Первая бомбардировка была полной неожиданностью для всех. Жуткий вой самолетов с черными крестами на крыльях, грохот падающих зданий, пыль, трупы… Все это было для Оксаны как какое-то кошмарное кино – только цветное, во вспышках взрывов. После этого в городе установили сирены, которые предупреждали о приближении немецких бомбардировщиков. Оксана при первых визжащих звуках опрометью мчалась в подвал, держа в руках заранее приготовленный плед и канистру с водой. Мама не любила прятаться в подвале и спускалась туда неохотно, а бабушка вообще наотрез отказывалась это делать, говоря, что Богу виднее, кого наказывать.
Впрочем, бомбардировки быстро прекратились. Город наполнился солдатами, ранеными и беженцами, которые просили подаяние на всех углах.
Как-то утром Оксану разбудили выстрелы. Вернее, сначала она не поняла, что это за звуки. Встала, вышла на балкон. Прямо под ней, по улице, бежали люди в зеленой форме и стреляли как будто из игрушечных ружей. С другой стороны в них тоже кто-то стрелял.
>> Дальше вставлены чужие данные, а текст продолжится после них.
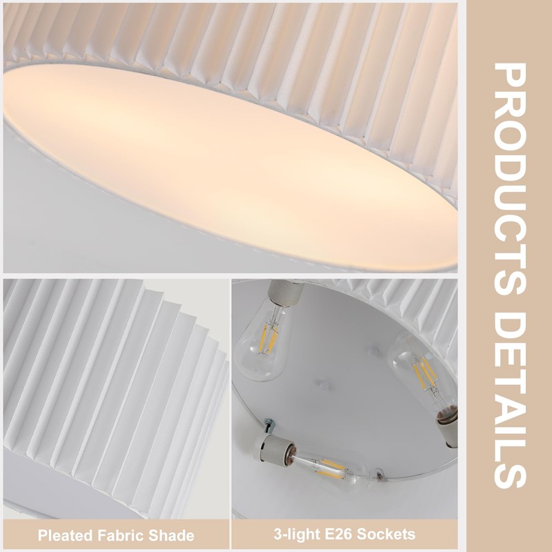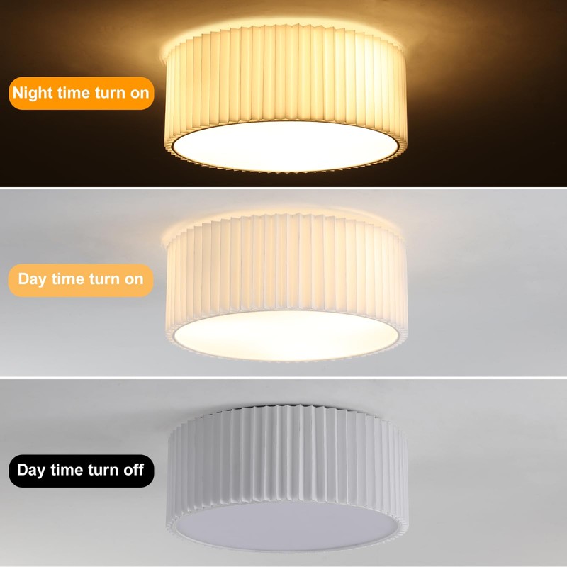 - 【Unique Design】 flush mount ceiling light features a modern double-layered design, pleated beige white fabric drum shade create a sophisticated yet warm atmosphere. Each pleat is meticulously designed and combination with an acrylic diffuser panel, ensures an even light distribution.

Вдруг из-за угла с грохотом выкатился танк. Остановился, покрутил башней и оглушительно выстрелил. У Оксаны зазвенело в ушах, и она поняла, что уже ничего не слышит. От соседнего дома повалил дым. Танк выстрелил еще раз – она не услышала звука, но поняла по сотрясению воздуха и вспышке. На этот раз снаряд взорвался где-то совсем рядом. Как будто в замедленном кино, из окна дома вылетел человек и, размахивая руками, рухнул на асфальт. В ужасе она увидела, как его череп раскололся, и на брусчатку вывалились розоватые куски мозга…
Глава 2. 1939
Это просто какой-то непрекращающийся ужас. Я не хочу. Я хочу, чтобы все было как раньше. Хочу, чтобы мама была доброй и красивой. Чтобы играла музыка. Чтобы приходили в гости красивые дяди и тети.
Мама думает, что я маленькая, что я ничего не вижу и не понимаю. Я все понимаю. Вчера я читала листовку большевиков. Они приказывают всем пройти регистрацию, иначе отправят в тюрьму. А сегодня я нашла в подъезде листовку ОУН. Они просили всех честных граждан воевать против оккупантов. Уходить в леса, отбирать оружие, стрелять. Интересно, я – честная гражданка? Не знаю. Я – честная католичка. Должна ли католичка держать оружие в руках?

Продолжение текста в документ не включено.